Data were analyzed from the video recording and the notes taken during the session, using the pattern matching technique [47] in which the empirically observed patterns (findings from the focus group session) were compared with the expected patterns that we had formulated based on the outcomes of the action research.

7.2. Results

In this section, we synthesize the results for each main question addressed during the focus group session.

7.2.1. Current Practical Issues (Q1)

The most frequently cited problem during the discussion, and the one with which the majority of participants (three out of five) agreed was the difficulty of determining a threshold on the system’s performance that would enable testers to assess its robustness. This difficulty led some participants, during similar projects, not to explicitly define a metamorphic relation as presented in our proposed method (Task 7) but to use a method similar to load testing in which the transformations applied to the input images are increasingly severe.
The difficulty of defining relevant transformations on the data to test the system was also mentioned, together with the difficulty of applying transformations to the images, i.e., generating test cases from a source dataset in the case of systems where domain knowledge is required and the transformations to be applied are complex. The lack of a framework to guide the definition of the transformations has already led one participant to carry out the tests using an exploratory approach during one of his projects.

7.2.2. Difficulties in Using the Method (Q2)

The participants agreed that Task 1 (Describe target circumstances) and Task 2 (Assess the significance of the target circumstances) were the most difficult to carry out in practice as a tester, particularly the assignment of a value to certain factors involved in the significance score (exposure, likelihood, and severity). They also identified that this latter difficulty could arise from the sometimes subjective nature of these factors. On the other hand, two of the participants drew parallels with traditional software testing practices, such as risk assessment and the determination of safety integrity levels (SIL) as described in the IEC 61508 standard [48], validating that these difficulties are common in the context of software testing and that the tester indeed usually discuss these issues with a domain expert.
To a lesser extent, the question of the choice of some metrics was raised as a difficulty in practice, particularly for measuring the distance between datasets or circumstances as it requires a good understanding of the system and its environment. However, the majority of participants (four out of five) felt that these choices were indeed a matter of the AI tester’s expertise. Thus, the tester can discuss with the domain expert to better understand the system but retains responsibility for the final decision.

7.2.3. Benefits (Q3)

In terms of the benefits perceived by the company’s practitioners, the most frequently cited response was clear, structured guidelines for the testing process. One participant highlighted the time saved by defining a clear process with ordered steps.
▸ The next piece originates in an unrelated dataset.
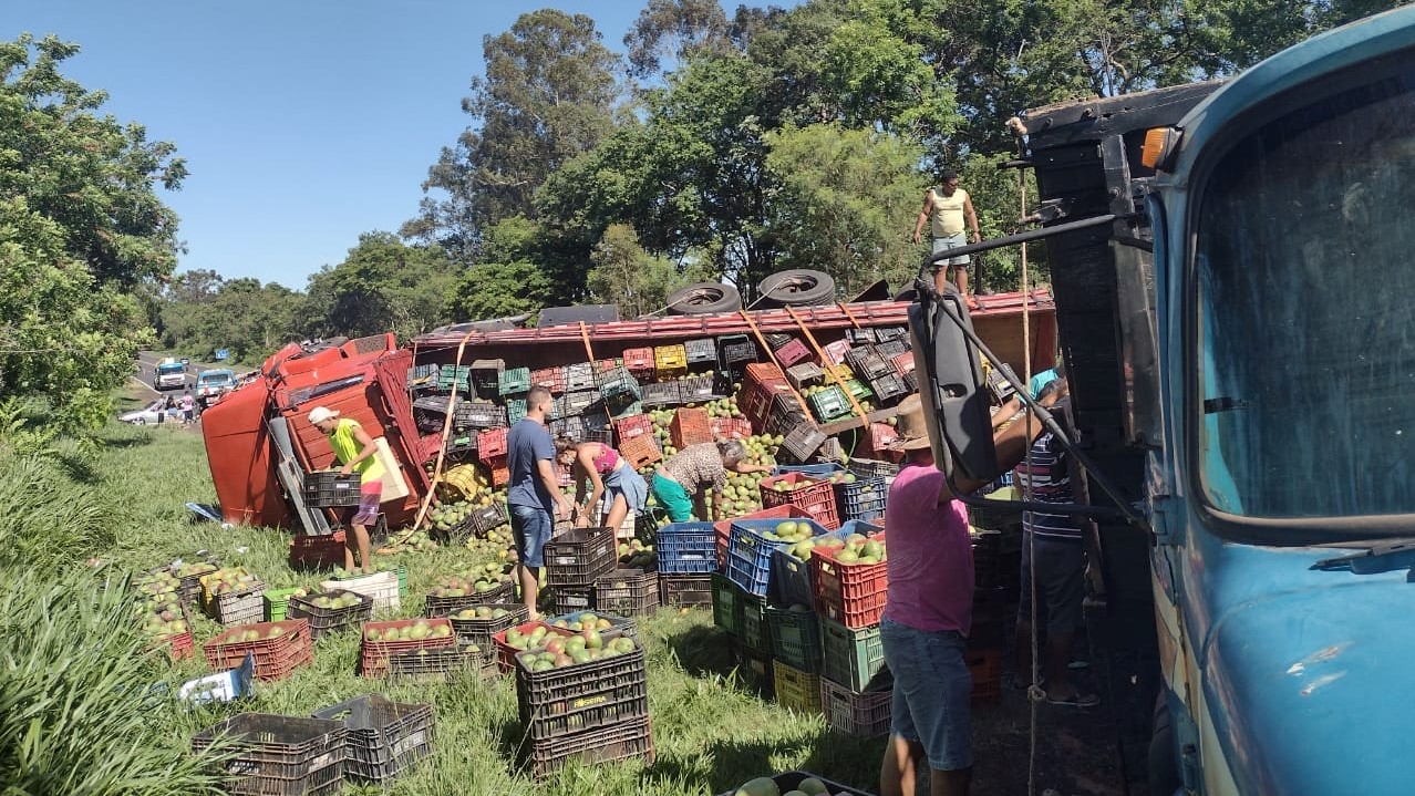 O caminhão tombou e parte da carga de frutas se espalhou pelas margens da pista, sendo mobilizado veículo de apoio para retirada das mercadorias.
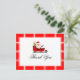 Auf dieser Postkarte befindet sich ein Foto des Weihnachtsmannes in seinem Schlitten beim Wellen. Die Worte "Danke!" sind in einem Skript-Schriftart geschrieben. Die Grenze ist ein festliches Rot. Das ist der perfekte Weg, um Ihre Weihnachten dank Ihrer Familie und Freunden zu senden.

Another participant felt that such a method can help in formulating the hypotheses under which the robustness of an AI-based system is validated. In addition, most of them (four out of five) agreed that the proposed method can help determine the threshold on system performance and the definition of relevant transformations, and two of the current practical issues previously mentioned (cf. Q1).

7.2.4. Limitations (Q4)

Overall, the participants felt that the proposed method would be difficult to apply to systems whose circumstances of use are complex to describe and strongly linked to the application domain. In practice, they consider that such “domain” circumstances cannot be easily expressed in terms of transformations to be applied to images and, if they are, may not be feasible. One of the participants gave the example of a transformation that would involve transforming a daytime image into a night-time image: such a transformation is very complex, difficult to automate, and therefore, very costly. Similar examples have been given in industrial cases where the tester alone cannot determine the visual effect of a given circumstance, and therefore, the associated transformation.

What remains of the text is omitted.